7. A control device for an automated guided vehicle, the device comprising:

a receiving unit configured to receive a steering control instruction for an automated guided vehicle, wherein the steering control instruction includes target pose information of the automated guided vehicle, the pose information indicating a position and a traveling direction of the automated guided vehicle;

a setting unit configured to use pose information of the automated guided vehicle acquired in advance as initial pose information;

an acquisition unit configured to acquire a position offset and an angle offset between the target pose information and the initial pose information;

a control unit configured to control a drive wheel of the automated guided vehicle to rotate based on the position offset and the angle offset to cause the automated guided vehicle to travel in a position and a travel direction indicated by the initial pose information until reaching a position and a travel direction indicated by the target pose information;

wherein the automated guided vehicle comprises at least two drive wheels; and

the control unit includes:

a selecting subunit configured to select a driving wheel from the at least two driving wheels as a first driving wheel and select a driving wheel from the at least two driving wheels as a second driving wheel based on the position offset, wherein the first driving wheel and the second driving wheel are not the same driving wheel;

a first control subunit configured to control the first drive wheel to rotate so that a distance between the position of the first drive wheel and the position indicated by the target pose information is equal to half of a distance between the first drive wheel and the second drive wheel;

a second control subunit configured to control the first drive wheel to stop rotating and control the second drive wheel to rotate, so that the automated guided vehicle travels to a position indicated by the target pose information;

a third control subunit configured to control the first drive wheel and the second drive wheel to rotate in opposite directions at a constant speed to rotate the automated guided vehicle in situ until reaching the traveling direction indicated by the target pose information.
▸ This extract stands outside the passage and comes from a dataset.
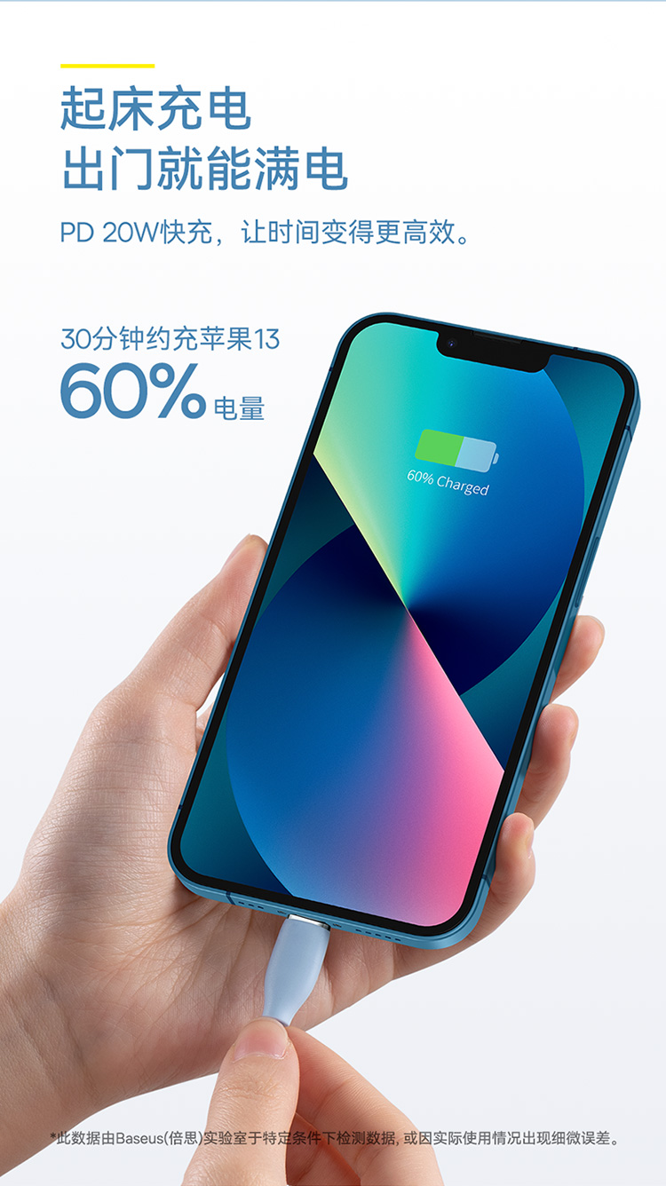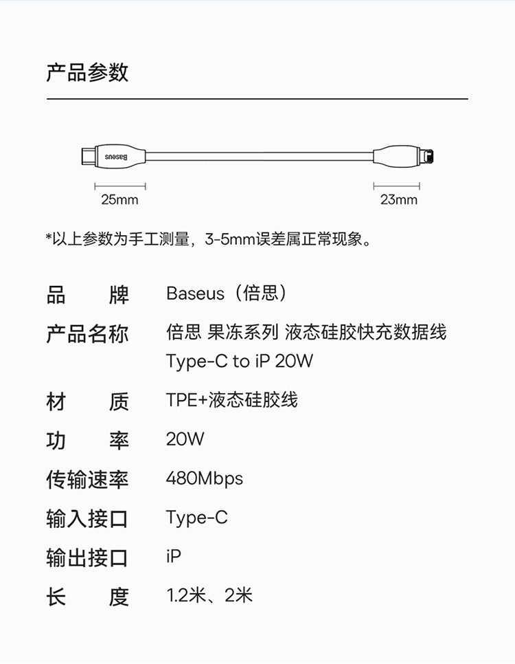 倍思 果冻系列 液态硅胶快充数据线Type-C to iP 20W

8. The apparatus of claim 7, wherein the first control subunit is further configured to:

9. The apparatus of claim 7, wherein the second control subunit is further configured to:

controlling the first driving wheel to stop rotating;

10. The apparatus of claim 7, wherein the third control subunit is further configured to:

11. The apparatus according to one of claims 8 to 10, wherein the current pose information is acquired by:

an acquisition module configured to acquire an image of a ground on which the automated guided vehicle currently passes, wherein the image includes an image of a two-dimensional code on which the automated guided vehicle currently passes;

and the analysis module is configured to analyze the image and the two-dimensional code presented in the image and determine the current pose information of the unmanned transport vehicle.

12. The apparatus of claim 11, wherein the analysis module comprises:

the acquisition submodule is configured to acquire the coordinates recorded by the two-dimensional code presented in the image and the position and the angle of the two-dimensional code presented in the image, wherein the two-dimensional code is used for recording the coordinates of the position where the two-dimensional code is located;

a determination submodule configured to determine current pose information of the automated guided vehicle based on the acquired coordinates, position, and angle.

13. An in-vehicle smart device, characterized in that the in-vehicle smart device comprises:

one or more processors;

storage means for storing one or more programs;

when executed by the one or more processors, cause the one or more processors to implement the method of any one of claims 1-6.

14. A computer-readable storage medium, on which a computer program is stored, which, when being executed by a processor, carries out the method according to any one of claims 1-6.